The most common symptoms of Ruvalcaba Syndrome include:

-Delayed development
-Intellectual disability
-Seizures
-Growth retardation
-Facial dysmorphism (abnormal facial features)
-Abnormalities of the hands and feet
-Abnormalities of the heart and other organs
-Abnormalities of the eyes
-Abnormalities of the skeleton
-Abnormalities of the urinary tract
-Abnormalities of the nervous system
-Behavioral problems

Ruvalcaba Syndrome is caused by a mutation in the SMARCB1 gene. This gene is responsible for producing a protein that helps regulate cell growth and division. Mutations in this gene can lead to the development of Ruvalcaba Syndrome.

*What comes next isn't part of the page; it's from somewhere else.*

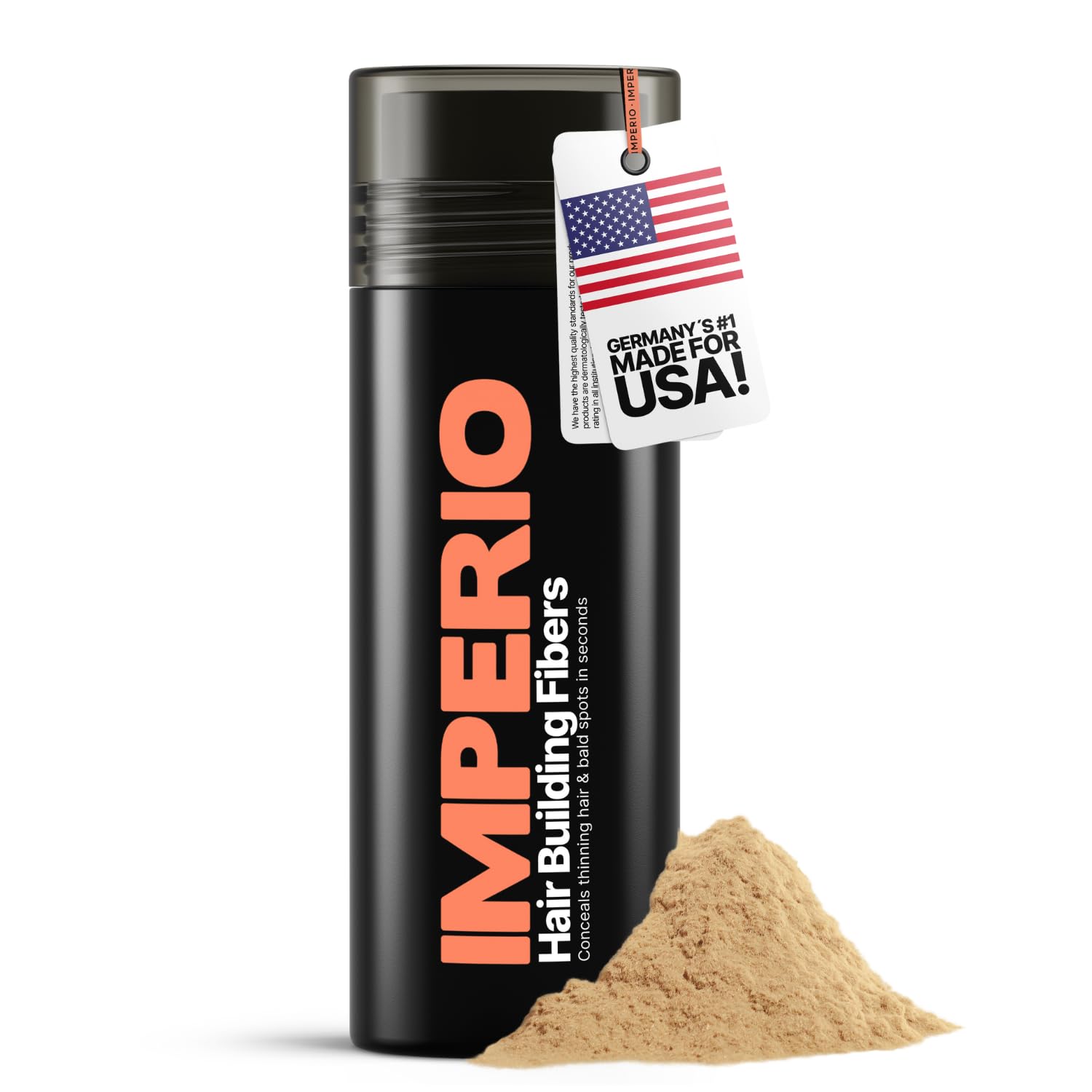- DERMATOLOGICALLY TESTED IN GERMANY - IMPERIO hair fiber is particularly gentle and kind to skin and hair. The hair building fibers have been tested by an independent laboratory in Germany without causing any adverse reactions. The hair thickener is dermatologically rated "very good" and maintain a high-quality standard.

Currently, there is no known cure for Ruvalcaba Syndrome. Treatment focuses on managing the symptoms and complications associated with the condition. This may include physical therapy, occupational therapy, speech therapy, and medications to help control seizures. Surgery may be recommended to correct physical deformities or to help improve mobility. Genetic counseling may also be recommended to help families understand the condition and its implications.

The exact cause of Ruvalcaba Syndrome is unknown, but it is believed to be caused by a genetic mutation. Risk factors for Ruvalcaba Syndrome include a family history of the disorder, being of Mexican descent, and being a male.

At this time, there is no cure for Ruvalcaba Syndrome. However, medications may be prescribed to help manage the symptoms. These may include medications to help with seizures, muscle spasms, and other neurological symptoms. Additionally, physical and occupational therapy may be recommended to help with motor skills and coordination.